Tentu defisit anggaran seperti itu tidak baik. Ibarat rumah tangga, pengeluaran lebih banyak daripada pendapatan. Berarti kepala rumah tangga harus menutup kekurangan belanja itu dari utang, penjualan aset, atau jika punya piutang, ditutup dari piutang terbayar. Itu bisa menyebabkan kepala rumah tangga kalang kabut menambah pendapatan. Belum lagi jika ternyata proyeksi pendapatannya meleset dari yang diharapkan.

Secara konsep, defisit anggaran bisa saja baik. Pada perusahaan, defisit anggaran yang kemudian ditutup dengan utang justru bisa menjadi leverage. Bisa menggerakkan perusahaan sehingga mengungkit omzet dan akhirnya meningkatkan laba atas modal sendiri (return on equity). Tentu saja, jika biaya utang lebih rendah daripada penambahan pendapatan dari adanya utang itu.

Konsep tersebut mirip pemikiran kelompok Keynesian. Mereka berpendapat bahwa defisit anggaran berpengaruh baik terhadap perekonomian. Mereka mengasumsikan bahwa pelaku ekonomi mempunyai pandangan jangka pendek (myopic), hubungan antargenerasi tidak erat, serta tidak semua pasar selalu dalam posisi keseimbangan. Contohnya,  ketidakseimbangan terjadi di pasar tenaga kerja. Selain itu, dalam perekonomian selalu terjadi pengangguran.

Menurut kaum Keynesian, defisit anggaran akan meningkatkan pendapatan,  kesejahteraan, dan akhirnya pada konsumsi. Defisit anggaran yang dibiayai dengan utang akan menurunkan pajak saat ini dan meningkatkan pendapatan yang siap dibelanjakan. Peningkatan pendapatan yang siap dibelanjakan akan meningkatkan konsumsi dan sisi permintaan secara keseluruhan.

Jika perekonomian belum dalam kondisi kesempatan kerja penuh, peningkatan sisi permintaan akan mendorong peningkatan produksi. Pendapatan nasional pun akan meningkat. Pada akhirnya, peningkatan pendapatan nasional akan mendorong perekonomian melalui efek multiplier Keynesian.

Karena defisit anggaran meningkatkan konsumsi dan tingkat pendapatan sekaligus, tingkat tabungan dan akumulasi kapital juga meningkat. Karena itu, secara keseluruhan, defisit anggaran dalam jangka pendek akan menguntungkan perekonomian.
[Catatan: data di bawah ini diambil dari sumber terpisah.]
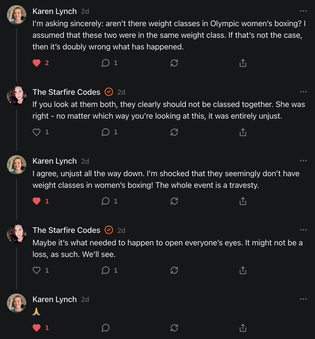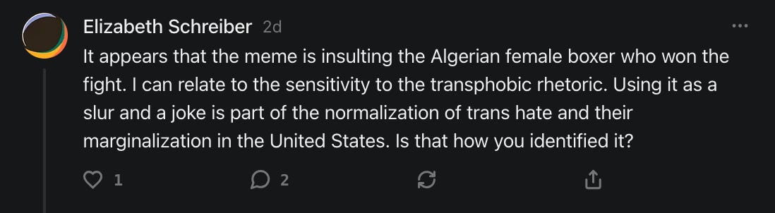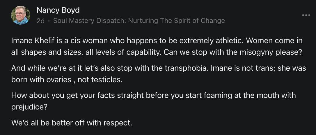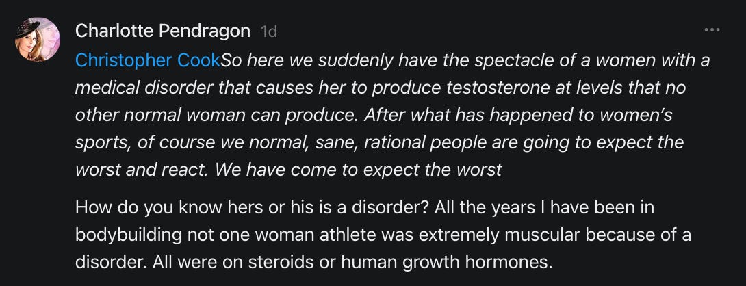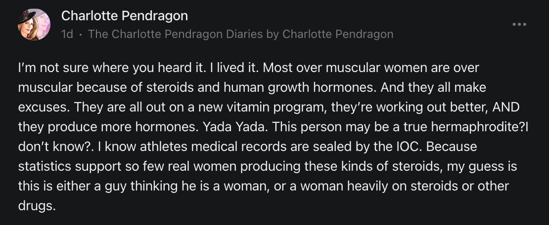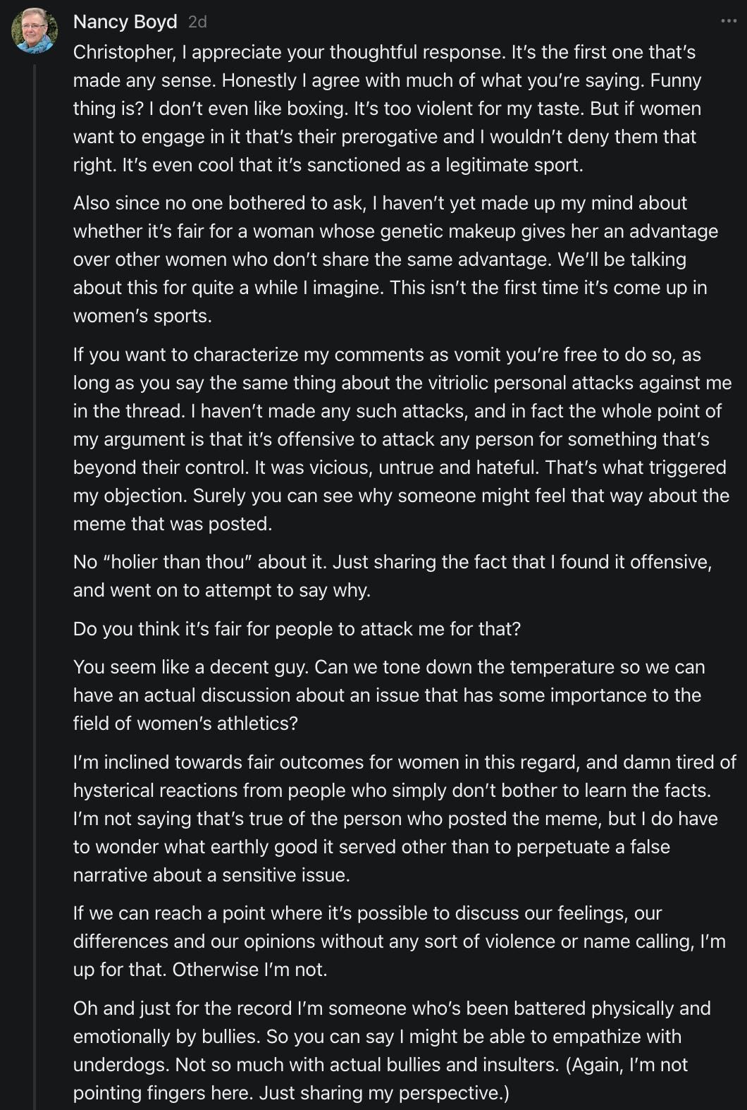 [NOTE: The boxer in question has been proven in the past to have a Y chromosome. Please reference: Abrahamson, A. (2024). IBA letter to IOC, June 2023: Boxer's 'DNA was that of a male consisting of XY chromosomes.' 3 Wire Sports.]
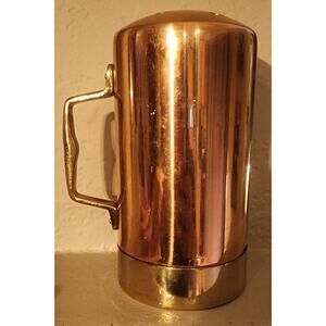 Previously-owned Old Dutch International copper and brass cheese shaker. Some surface wear from previous use, but no major dent or defect. The shaker stands 6" in height x 3-1/4" in diameter. The interior is clean, so I suspect it was used for decoration only.

Secara sederhana, utang akan digunakan pemerintah untuk membiayai perekonomian seperti infrastruktur. Peningkatan infrastruktur itu akan merangsang tumbuhnya usaha-usaha baru yang pada akhirnya akan meningkatkan pendapatan pajak. Jika penggunaan utang tersebut tepat pada sektor yang memiliki angka multiplier cukup besar, dampaknya terhadap perekonomian akan besar pula.

Pertumbuhan ekonomi akan meningkatkan pendapatan masyarakat yang pada akhirnya akan meningkatkan konsumsi. Dalam jangka panjang, kondisi seperti itu akan meningkatkan pendapatan pemerintah dari pajak. Baik dari pajak perusahaan, pajak pendapatan orang pribadi, maupun pajak yang dibayar konsumen seperti pajak pertambahan nilai.

Logika seperti itu tentu ada dalam tataran konsep. Dalam tataran praktis, kita sudah merasakan bahwa tingginya utang pemerintah tidak linier dengan kesejahteraan masyarakat. Utang yang saat ini sudah mendekati 40 persen terhadap PDB tak membuat kemiskinan menurun signifikan. 

Kini, akibat pandemi Covid-19, jumlah penduduk miskin diperkirakan mendekati 28 juta. Per Maret 2021, jumlahnya mencapai 27,54 juta atau mencapai tingkat kemiskinan 10,14 persen. Kenaikan penduduk miskin mendekati angka 1,5 juta orang (BPS, 2021).

Dengan fakta seperti itu, Pemkot Surabaya harus berhati-hati menerapkan konsep defisit anggaran. Jika salah mengelola, yang terjadi justru kesulitan keuangan di masa depan. Apalagi jika sisa lebih pembiayaan anggaran (silpa) tidak bisa diharapkan lagi karena kondisi sudah mendekati normal atau new normal.